30 December 2017

The Sneakernet of Everyday Life

A couple of years after college I commenced sporadic production of a half-humorous zine as an outlet for various petty frustrations with the world of music and musicians. The focus was more personal and quotidian than on this blog, which I started around the same time. Blogging being public and more or less permanent, I have always maintained that the more personal the content the more interesting and unique it ought to be. Ditto regarding any imperative towards expression as that word is broadly and colloquially construed across The Arts. Seems to me that any such imperative is necessarily colored by several more general features of the society or social group in question, e.g. the degree of shared experience, conformity to norms, obedience to authority, and so on.
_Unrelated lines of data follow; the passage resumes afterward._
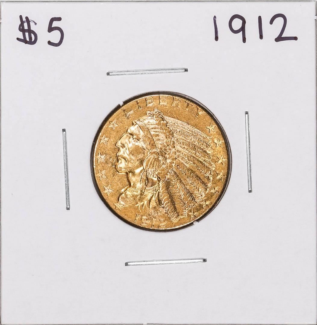 One 1912 $5 Indian Head Half Eagle Gold Coin.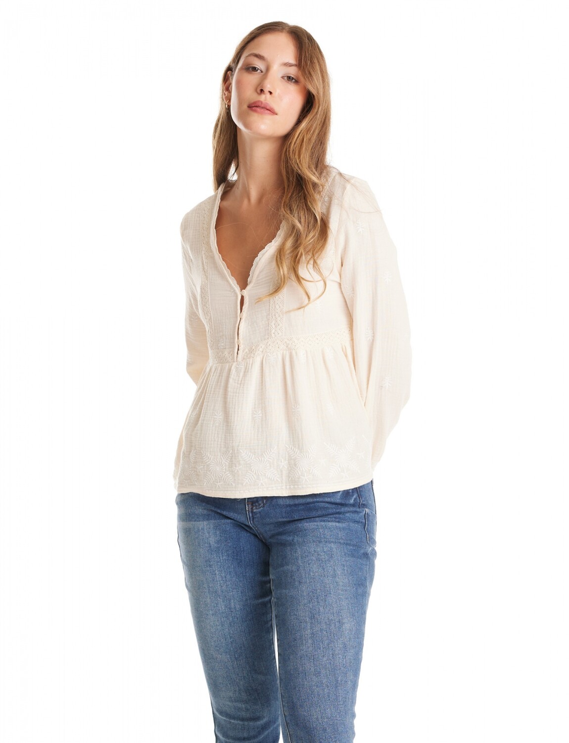 Blusa Algodon Puntilla - Beige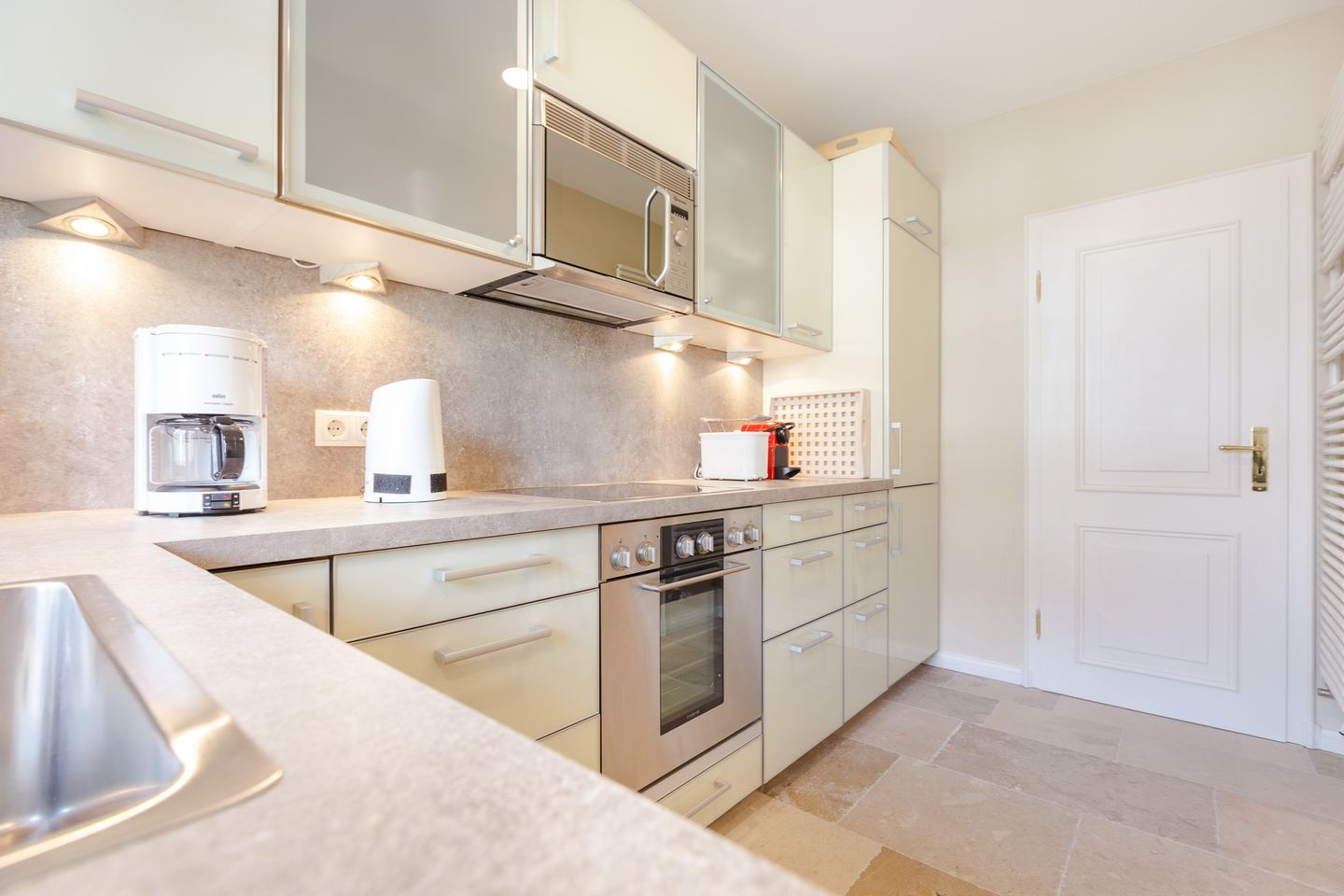 EG: Großzügiger, lichtdurchfluteter und hochwertig gestalteter Wohnraum mit gemütlicher Sitzecke. Loewe-Flat-TV, Bose-Soundsystem und WLAN. Schönes Gäste-WC mit Dusche. Separate Küche mit Microwelle, Backofen, Kaffeefiltermaschine und Geschirrspüler. Sehr schöne Süd-Terrasse mit Gartenmöbeln und Strandkorb (ca. von April-Oktober) mit weitläufigem, hübsch eingewachsenen Grundstück.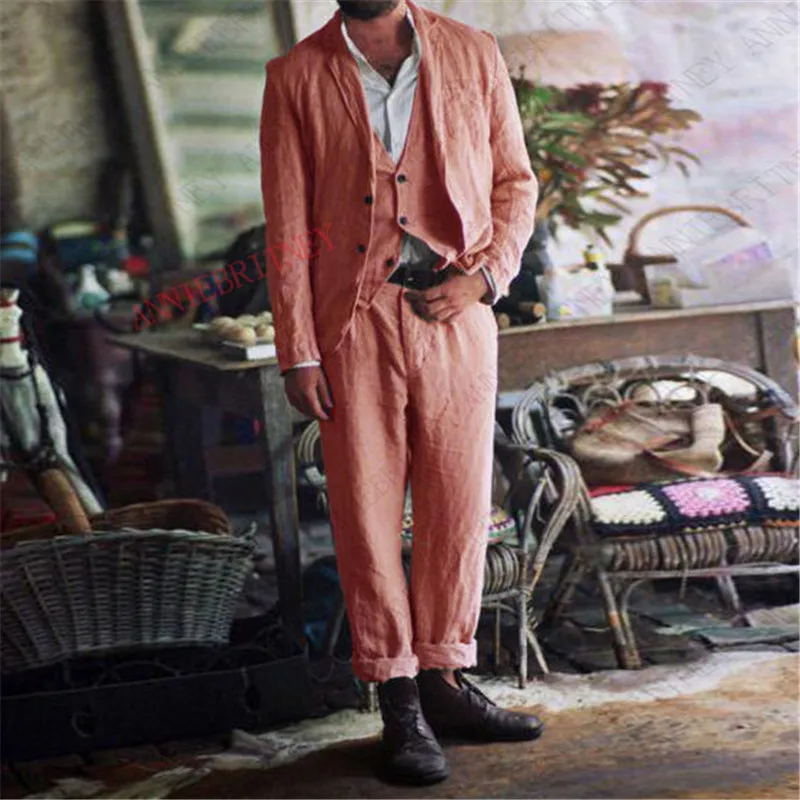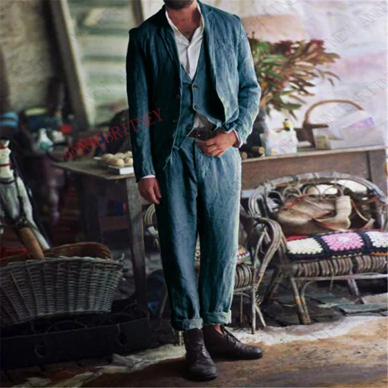 Классический летний мужской костюм 2020, 3 предмета, серые льняные пляжные мужские костюмы для свадьбы, повседневный мужской блейзер, смокинг для жениха, куртка, жилет, брюки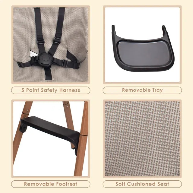 - Safe and Comfortable Seating: Includes a premium cushioned seat with a secure 5-point safety belt, supportive backrest, and footrest—providing optimal comfort and protection during meals, play, or relaxation.

In other words, most of us are not quite different enough from each other for the public airing of even the most intimate details to be the least bit interesting to our various constituencies. (And if a public airing is to be deemed necessary on purely therapeutic grounds, then the offending malaise must be a particularly virulent and contagious one indeed; on which point I must thereby beg your indulgence in suspending judgment of this meta-airing until its purpose has become clear.)

In any case, as the blog has skewed speculative, the zine has become an archive of the personal, and this dovetailed with the fact of the latter's strictly private and offline circulation. I have recently resumed production after a long hiatus and am finding it quite useful in exactly this way. The reason, however, for writing at length on all of this now is to relate a very practical use, perhaps even a necessary one, which has recently emerged and which never would have occurred to me the day I brought out the first installment.

Employers are demanding to moderate what their employees say about them online, and not even a jazz tuba player can avoid falling under surveillance. This was ostensibly the case with a certain car opera recently staged in and around LA by a company you probably haven't heard of, and it is ostensibly the case regarding my current employment with an entertainment franchise you’ve most certainly heard of. Neither of the organizations in question will ever be mentioned by name here, not by me at least, and not by you either if you happen to know me well enough to put all of this together and would like me to be able to address any new developments to the already limited extent possible under the circumstances. They will not be mentioned because as a condition of employment both demand authority to moderate online content pertaining to them, and because one is known to devote significant resources to this. (And really, what quantity of resources is not "significant" when you consider the implications of such policies and the time-is-money realities of running a business?)

For what it’s worth, I don’t have to start a limited-run, privately-circulated, dead-tree social commentary franchise with which to digest, explore, archive and (usually) exorcise the vicissitudes of such personal experience: I already have one as an existential matter if not much of a material one. What I didn’t have before was real necessity for such an outlet ("real" in this case meaning "beyond the personal")1. Thanks to the new thought police, which, like so many other rhetorical constructions of modernist dystopian thought, has coalesced fragmentarily and incrementally rather than all at once, now I do.

For anyone just devoted enough to my personal concerns to be an earnest and comprehensive reader of both publications, it might be useful to think of the zine as a sort of annotated bibliography in support of the more sweeping generalizations I make here about the professional circles I inhabit, and perhaps also as a way of “blogging” on topics and experiences which would be socially ungraceful and/or professionally damaging to address publicly online. I suppose this betrays my rather cynical view of prevailing norms of social and professional comportment, but unfortunately there is almost always something arising from artists' relationships with employers and/or with each other which really ought to be addressed and brought to wider attention, i.e. for the specific purpose of giving the community a chance to look itself in the mirror. Social grace and professional viability are quite flimsy excuses for forgoing such opportunities: first, because together they amount to very little when compared to the potential chilling effect of the new reality; and second, because, as I am attempting to outline here, it is not impossible to have it both ways given the variety of media and social settings presently at our collective disposal. In any case, there won't be much worldly grace or prestige left to preserve if transparency is ritually sacrificed to branding in this arena as it already has been in so many others. Unfortunately the seemingly ideal online platforms which emerged in the 1990s are in the 2010s now equally ideal for surveillance. Hence the ongoing need for a Sneakernet of Everyday Life.

1. Again, is “personal” necessity ever better than oxymoronic vis-a-vis the act of telling others about yourself? And does the therapeutic value of artistic "expression" really hinge on the act of public presentation over and beyond private creation? Even if the answer is simply, "It depends," these two questions are always worth pondering before hitting the Send button. Ask me how I know.